Allocations in mapreduce/sum etc

I’m confused by why the following allocates (this is a reduced example that arose from trying to implement a function from #32739 via higher order functions instead of explicit loops):

g(v) = mapreduce(i->v[1]*i, +, eachindex(v))
@btime g($v)

Results in ... (1 allocation: 16 bytes) on v1.1. How can I get rid of that allocation?

A similar thing happens with e.g. sum(f, itr) as soon as the passed function f contains reference to any element of a captured array:

_h(i,v) = i*v[i]
h(v) = sum(i->_h(i,v), eachindex(v))

also produces ... (1 allocation: 16 bytes).

I guess that suggests that the allocations are not really due to mapreduce, foldl, sum, or similar, but to the anonymous function itself? Still, I don’t really get why this happens.

[This was tested on julia-v1.1.1, btw.]

For anyone who might stumble upon this in the future:

From some digging, this seems to basically be a consequence of two elements:

  1. #18207 (interplay of function arguments with recursive functions) and the recursive elements of mapreduce, and
  2. an allocating throw(ArgumentError(...)) call that handles empty-iterables inputs for non-specialized function input (oddly, this allocation can be removed by adding @inline to mymapreduce_empty(f,op,T), contrary to usual @noinline-strategy for avoiding spurious throw allocations).

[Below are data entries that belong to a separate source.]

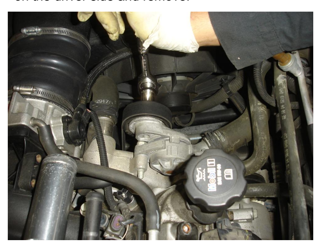
Step 6. Release the pressure on the drive belt tensioner with a 15mm socket and remove the serpentine belt.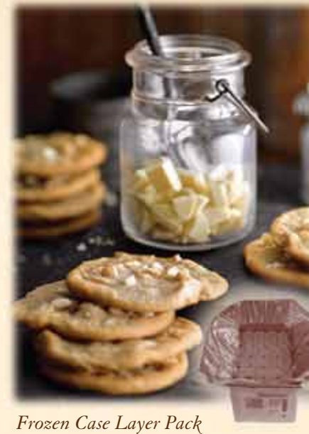
Frozen Case Layer Pack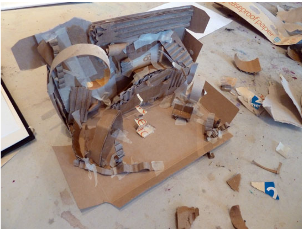
Eloise's 'scratch model'

This workshop is an extension of Responding to Text - Experimental Drawing , but this time uses text extracts as a starting point to make 'scratch models' or initial three dimensional model sketches for set designs.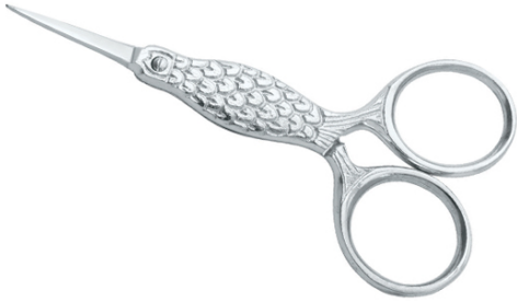
Fancy Scissors VI-107-1013

&nbsp;&nbsp;&nbsp;Beautiful design and excellent working ability is one of the features of our range of Fancy Scissors which are made out of Special Steel for long lasting cutting ability 4",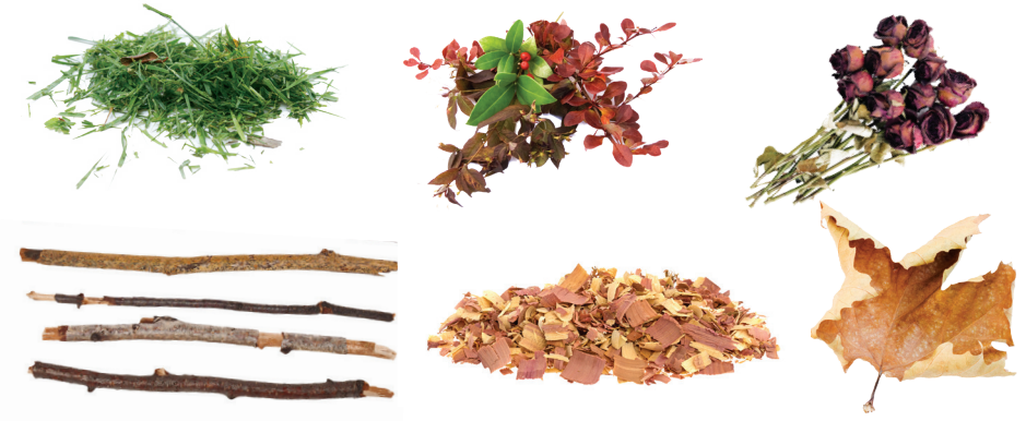
Grass, Weeds, Green Plants, Tree Limbs, Wood Chips, Dead Plants, Brush, Garden Trimmings, Leaves, Cut Flowers (Please place palm fronds, yucca and cacti in the Trash)

Please use paper or ASTM D6400 rated compostable bags only to collect organics.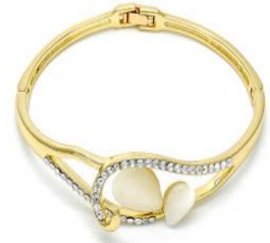
GOLD LAYERED 07.65.0217.05 INDIVIDUAL BANGLE, TEARDROP DESIGN, WITH IVORY AND WHITE OPAL AND WHITE CRYSTAL, POLISHED FINISH, GOLD TONE (16 MM THICKNESS, SIZE 5 - 2.50 INCHES DIAMETER)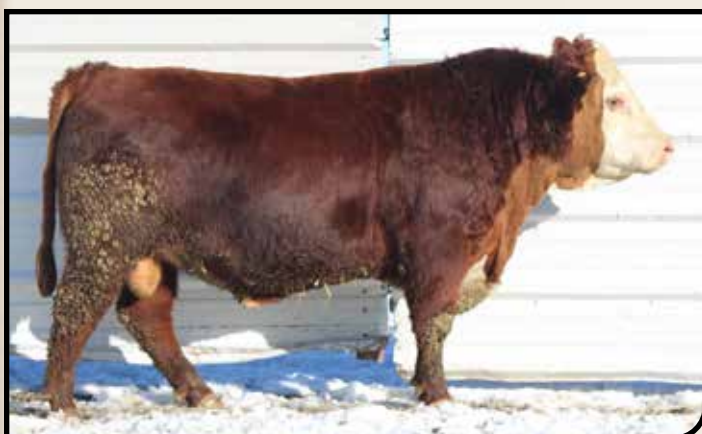
EPHR ELKER EXTRA 655L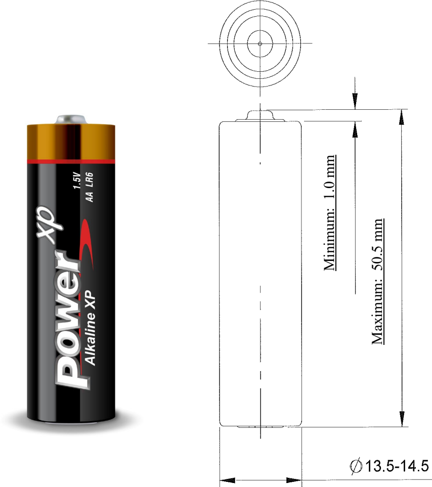
PH-AA-XP Battery Dimensions and Structure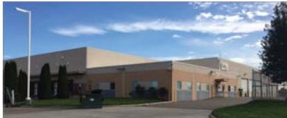
143,888 SF 4730 Fite Ct Stockton, CA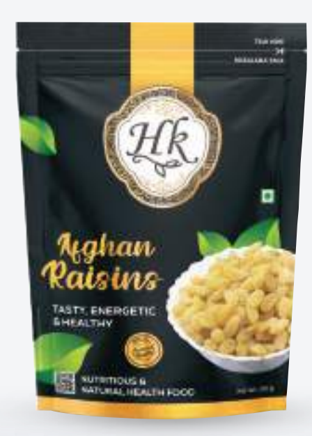
Afghan Raisins (200gm)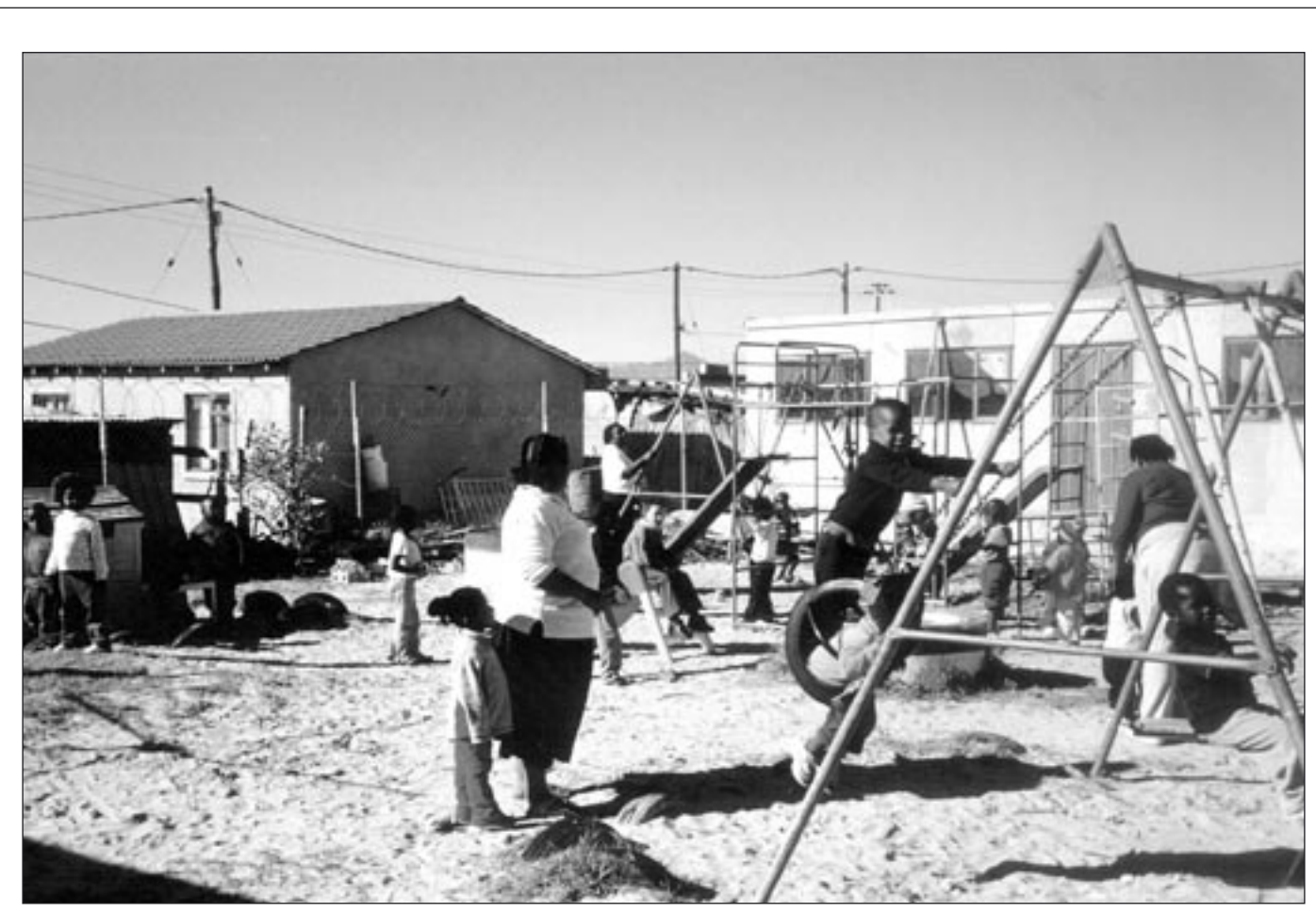
Crèche for HIV/AIDS affected children, Lizo Nobanda Institute, Khayelitsha

Eliminating both of these elements removes the allocation noted above; but getting rid of recursion essentially butchers the method.

[It seems that recursion and zero allocations can co-exist, at least in principle, if specialization on the function input is forced via mapreduce_impl(f::F, ...) where F<:Function as suggested in #18207(comment); that’s probably not very viable for such a generic function thoughScratch that; doesn’t actually seem to work for me.]

I actually think that the root cause here is the fact that a closure over a non-isbits value (v) is created and subsequently passed to a non-inlined function (mapreduce or one of the functions it calls with the closure as an argument, recursively). The compiler essentially treats the function as a black box (or at least more so than if the function were inlined), and can’t figure out that the closure is short-lived; for all it knows, mapreduce could store a reference to the closure somewhere in a global array of objects. This means that the closure needs to be GC-rooted, which requires allocation.